Biden, who is also a practicing Catholic, told reporters ahead of a campaign trip to Ohio on Monday he doesn’t think “there’s any question about her faith”.
Biden says the more important matter is that “this nominee says she wants to get rid of the Affordable Care Act”.
Before Barrett was a federal judge, she questioned the reasoning behind Chief Justice John Roberts’ majority opinion upholding the 2010 health care law. The law is being challenged again, with oral arguments set for November 10, a week after the election.
10:45 ET – Harris says Republicans trying to “ram through” Supreme Court nomination
Democratic vice presidential nominee and Senator Kamala Harris is criticising Republicans for trying to “ram through” Supreme Court nominee Barrett while Americans are voting in the presidential election.
The California senator said on Monday that running mate Biden has “been really clear” and she has been “really clear.” She tells reporters on Capitol Hill, “We are 22 days away from an election, and people are voting right now.”

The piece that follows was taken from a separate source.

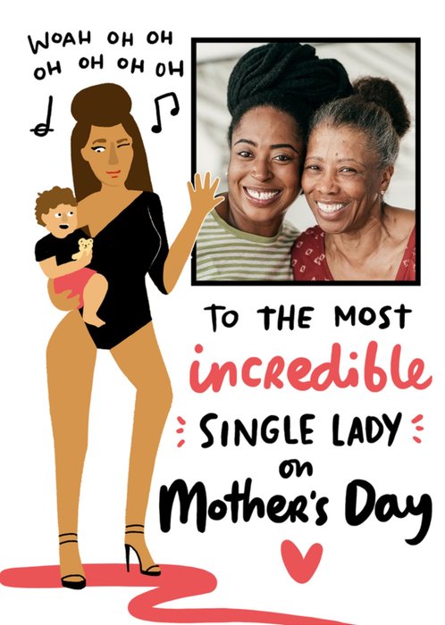 Photo upload card with an illustration of a 'single lady' holding a baby with fun handwritten type besides.

Harris said Republicans are “trying to push through, ram through, a Supreme Court justice for a lifetime appointment while almost 7 million people have already voted.”

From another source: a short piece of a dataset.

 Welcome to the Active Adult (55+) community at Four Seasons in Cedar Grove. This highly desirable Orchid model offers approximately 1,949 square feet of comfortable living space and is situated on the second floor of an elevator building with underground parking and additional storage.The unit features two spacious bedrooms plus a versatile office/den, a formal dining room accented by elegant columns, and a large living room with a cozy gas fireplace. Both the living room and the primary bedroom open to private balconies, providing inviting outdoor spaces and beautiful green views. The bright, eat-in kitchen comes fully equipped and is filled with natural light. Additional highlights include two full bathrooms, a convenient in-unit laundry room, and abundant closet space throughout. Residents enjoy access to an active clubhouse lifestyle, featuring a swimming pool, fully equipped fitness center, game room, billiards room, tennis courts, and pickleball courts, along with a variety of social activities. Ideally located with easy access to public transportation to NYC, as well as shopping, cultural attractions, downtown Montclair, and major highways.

Harris is a member of the Senate Judiciary Committee but will be attending the hearing remotely because of COVID-19 concerns.

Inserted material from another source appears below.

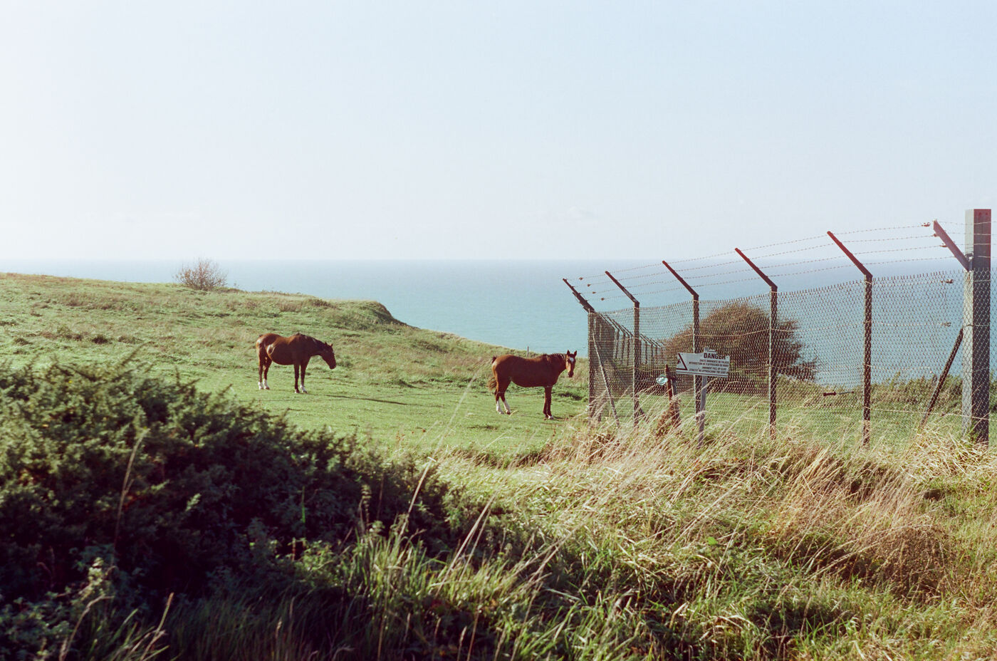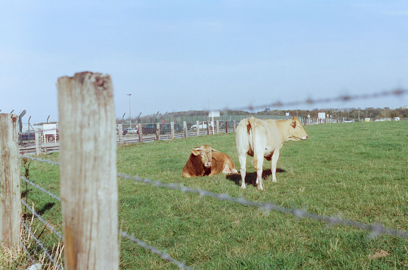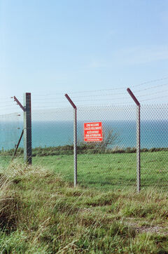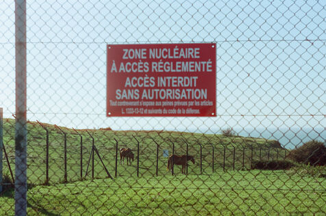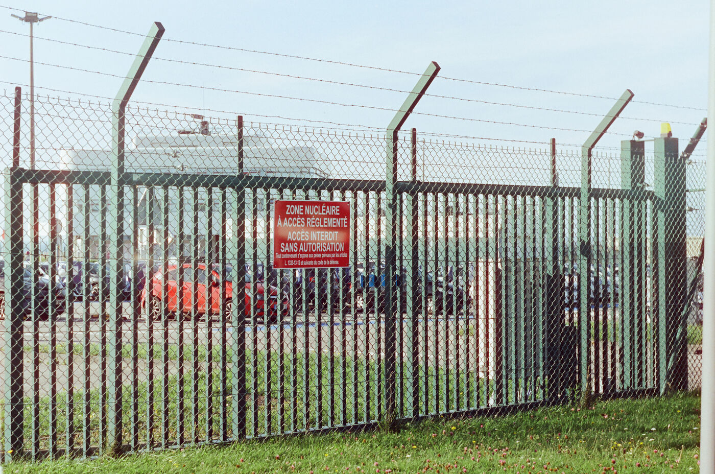 Surrounding the Penly nuclear power plant, located in the commune of Petit-Caux on the English Channel coast (reactors cooled by water from the English Channel). The site has been selected for the construction of new EPRs starting in 2024 (EDF's EPR2 project). Photo taken in October 2023 along the safety fence, with fields and animals on one side and parking lots and access to the power plant on the other. Film photography, Zenit-TTL camera, Sunbath 250D cinema film.

Vice presidential nominee Kamala Harris attends a memorial service in honor of the Supreme Court Associate Justice Ruth Bader Ginsburg [File: Erin Schaff/Reuters]
10:30 – Trump doubles down on out-of-context Fauci comment in ad
Trump doubled down on his campaign’s use of comments from Dr Anthony Fauci, a lead member of the president’s coronavirus task force, even after Fauci said the comments were taken out of context.
An ad released by the Trump campaign appears to show Fauci praising Trump’s response to the coronavirus pandemic. Fauci, on Sunday, said the March statements were taken out of context, and he was in fact praising his own work that of the tast force when he said: “I can’t imagine that under any circumstances that anybody could be doing more”.
Trump on Monday countered the comments were “indeed Dr Fauci’s own words” while retweeting his campaign spokesperson, who said Fauci’s words had been used accurately.
10:15 ET – Trump calls group of protestors ‘animals’
Trump blasted a group of protestors as “animals” on Monday, while urging law enforcement to crack down on demonstrations that included the destruction of property.
“Put these animals in jail, now,” Trump said, in a retweet of a video that said it showed a statue being torn down in Portland.
The president has tried to depict himself as a leader of law and order, following a summer that saw sustained protests against police brutality and racism. Some of the protests at times turned violent.
Trump will hold a rally in Sanford, Florida on Monday, his first return to the campaign trail since he contracted the coronavirus, as he pushes for a come-from-behind win in November.
10:00 ET – Federal judge upholds Minnesota’s extended ballot counting
A federal judge has upheld a Minnesota state court agreement that allows counting of absentee ballots received up to seven days after Election Day.
Republicans had asked US District Judge Nancy Brasel to block the seven-day extension that Democratic Secretary of State Steve Simon agreed to in state court after a citizens’ rights group cited concerns about voter safety due to the coronavirus pandemic. Ballots still must be postmarked by Election Day to be counted.
But Brasel ruled late Sunday night that the plaintiffs in the case — a pair of Republicans serving as electors in the presidential election — don’t have standing and denied their motion for a preliminary injunction.
Previously, ballots had to be received by 8 PM on Election Day — but a consent decree in the state case allowed ballots postmarked on or before Election Day to be counted if they were received within the following seven days.